Media Covering Faith: Creating Divisiveness?

Religion is important to most people in the UK according to the last census data. For the first time, in the 2001 Census, an optional religion question was included where an overwhelming 76.8% expressed their allegiance to a religion. However, the majority of the contemporary media representations of faith give a negative picture of religion. According to Biernatzki (2003) religion in the media, is, “… either ignored or sensationalized — and either of those extremes distorts its reality…”

After the tragic incidents of 9/11 and 7/7 there has been increased interest among the media on religious issues, particularly concerning Islam and Muslims. Current trends in the media clearly show that the images, representations and discourses relating to Islam and Muslims in mainstream Western media tend to be negative and hostile. A Cardiff University study analysed 974 stories about Islam and Muslims in the media between 2000 and 2008, and found only 5% positive news.

A contemporary report by the Human Rights Centre at the University of Essex concluded that the media re present Muslims negatively and in some cases persecute them. The report outlines that the media do not treat Muslims with tolerance, decency and fairness that is claimed to be the British way. Another report by the Islamic Human Rights Commission (2007) finds ‘structured’ and ‘institutionalized prejudice’ against Islam and Muslims in the western media.

I conducted a piece of research in 2008 on how people react to negative media propaganda against Muslims and their place of worship. The majority of the non-Muslims who knew Muslims and knew about Mosques found these media representations untrue. A Non-Muslim community leader in East London said,

Muslims have suffered a lot of misconceptions, not that this is their fault, but because media has encouraged and exaggerated things arising from this misconception. I believe Muslims are very sincere people, humble and very god-fearing.

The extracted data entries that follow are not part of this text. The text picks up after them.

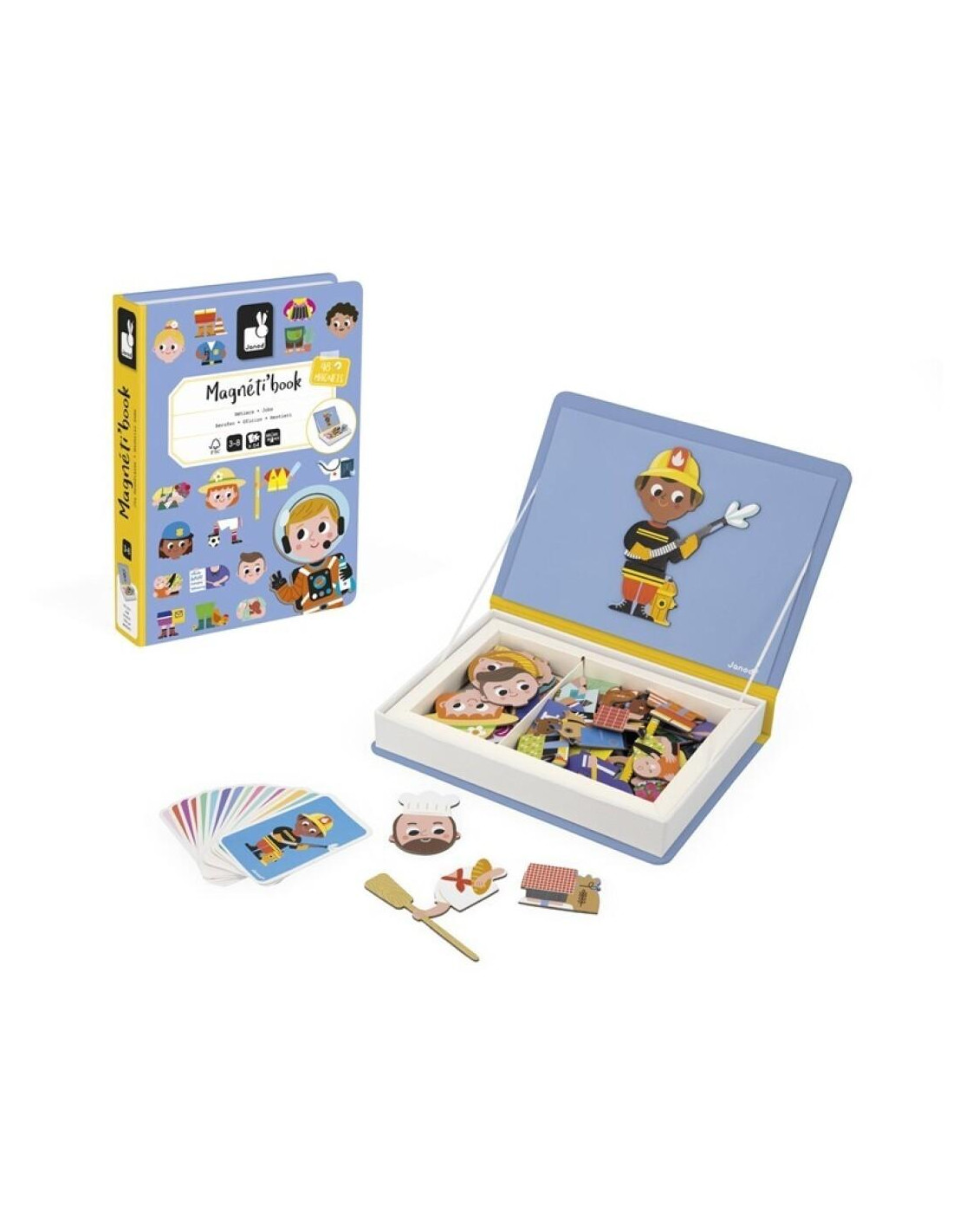 Cuando sea mayor, seré... ¡Abre tu Magnéti’book para descubrir las profesiones! Con este bonito y colorido juguete magnético, su hijo descubrirá 16 profesiones, ¡y tendrá la posibilidad de inventar muchas más! Está compuesto por un soporte magnético, 48 imanes y 16 tarjetas que representan profesiones conocidas. Tanto los más pequeños como los mayores se divertirán reproduciendo los modelos y mezclándolos para imaginar combinaciones de profesiones, cada una más alocada que la otra. Juguete magnético de cartón FSCTM para niños de 3 a 8 años. .
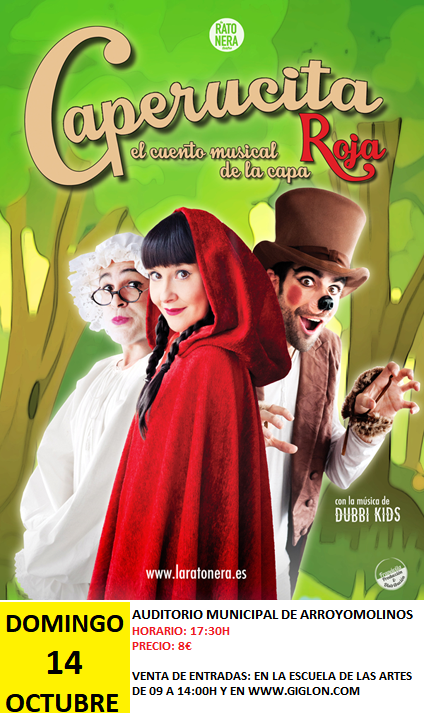 El 14 de octubre desde las 17:30 Caperucita Roja en Arroyomolinos. Venta de entradas en el Auditorio de 9:00 a 14:00 horas y en giglon.com
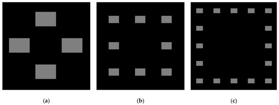 Figure 11. Positioning of the static cameras for scenarios 1, 2 and 3 accordingly at (a–c). The gray rectangles represent the field of view of the agents.
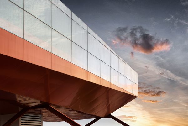 多維的平面在景觀的區域被向前推進,并且與從高速公路上看到的吸引人注意的漂浮物體相連。有機形式通過內部空間進行,賦予其活力,通過三面全景玻璃墻向外延伸到地平線。
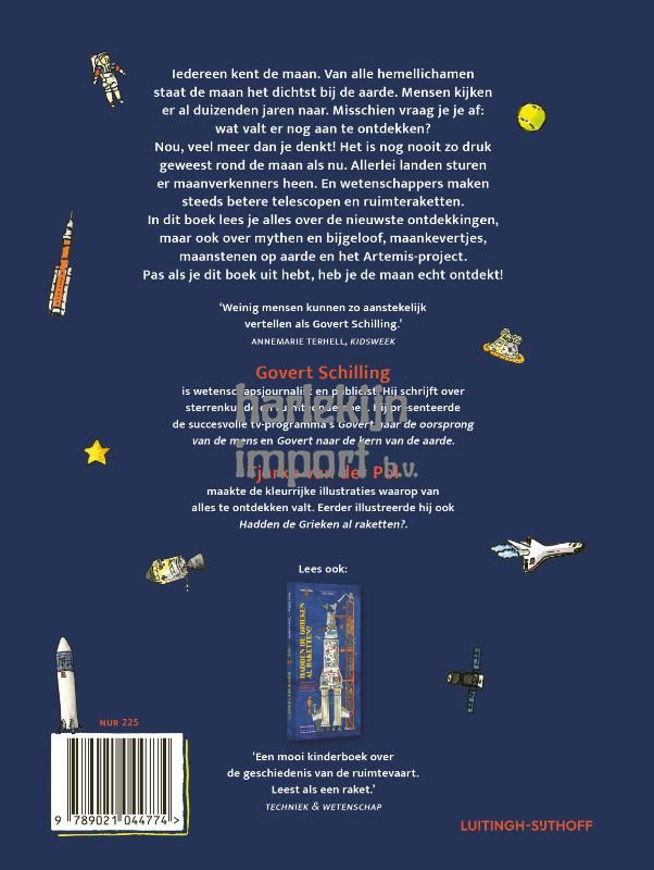 In Naar de maan neemt sterrenkundejournalist Govert Schilling zijn jonge lezers mee op een fascinerende ontdekkingsreis naar de maan. Dit boek, boordevol kleurrijke illustraties van Tjarko van der Pol, is bedoeld voor kinderen die alles willen weten over ons dichtstbijzijnde hemellichaam. Duizenden jaren lang vormde de maan een inspiratiebron voor verhalenvertellers en kunstenaars. Van mythen en bijgeloof tot schijngestalten en verduisteringen; van achterhaalde ideeën over het leven op de maan tot de nieuwste resultaten van de wetenschap – Govert Schilling behandelt het allemaal in dit boek. Illustrator Tjarko van der Pol maakte de geweldige, gedetailleerde tekeningen waarop van alles te ontdekken valt. Naar de maan verscheen eerder onder de titel De ontdekking van de maan, maar is nu geüpdatet en voorzien van nieuwe illustraties. Eerder maakten Govert en Tjarko samen Hadden de Grieken al raketten?. ‘Weinig mensen kunnen zo aanstekelijk vertellen over ruimtevaart als Govert Schilling.’ Annemarie Terhell, Kidsweek

A non-Muslim living in East London found the media scapegoating Muslims:

The tabloid and right-wing media have been scapegoating Muslims and generating fear and hatred against Islam. The IRA terrorists were never called Catholic terrorists in the way Islam has been anointed with extremist activity.

The role played by the media in representing Islam has not been very responsible. Investigative reports should be more evidence-based. For example, the Dispatches programme ‘Undercover Mosque’ shown in Channel 4 on 1 Sept 2008 could not prove the Mosque’s involvement in hate preaching, but implied that they were responsible for it. In 2007, The Times published an investigative report where they implied that the Chairman of East London Mosque was responsible for some of the books being sold at a bookshop in the Mosque building. They later had to apologise and accept that they were wrong.

Who are the terrorists? Do they really have a religion, or do they exploit people by using some out-of-context verses from religious scriptures? A recent MI5 research found that most of the stereotyped images of terrorists in the media are wrong. It found that a large amount of terrorists are religious novices who do not practise their religion regularly. Some take drugs, drink alcohol and visit prostitutes. The research found that “a well-established religious identity actually protects against violent radicalisation”. This is contradictory to most of the media representations on terrorists.

Negative stereotyping and propaganda in the media can never be a recipe for a cohesive society. The media expects Muslims to integrate into the British way of life, but at the same time publishes articles and reports that contribute to prejudice and hatred against them. Whether the media likes it or not, modern British society is increasingly becoming a mosaic society with people from all denominations. By attacking a particular community will only lead to misunderstanding and miscommunication.

There have been various efforts in the UK in recent times to bridge the gap between media and different faith groups. In 2004 a national conference on media and multifaith society aimed at ‘finding ways to harness the positive energy of the UK’s faith communities and the media to help build stronger and more cohesive communities, based on a spirit of tolerance and understanding.’ In 2005, the Board of Governors of BBC held a seminar, Taking Belief Seriously to discuss how mainstream programmes can directly or indirectly reflect the experience of ‘belief’. This is a positive trend, but much more needs to be done to minimize the gap between media and religion, particularly Islam.  An Islamic Human Rights Commission report (2007) suggests ‘wide and effective consultation’ between Islamic scholars, the Government, and the media to create a better understanding of Islam. There needs to be sincere efforts from all these stakeholders to come together and develop this understanding.  While media has a wider responsibility to represent Islam without prejudice and stereotyping, Muslim leaders also need to play their role in removing the negative mindset of media practitioners.  Initiating positive dialogues between these people will contribute to creating an environment where Islam will be represented in its true essence. We will definitely see a change in people’s attitude towards Islam and Muslims if this can be successfully implemented.

Finally, I would like to conclude with the concluding comment in the Guardian editorial on MI5 findings published on 21 August 2008:

“MI5 is right too to highlight the importance of politicians and the media. If they had played a less provocative role on many occasions in the past then MI5’s job would not be as difficult as it now is”.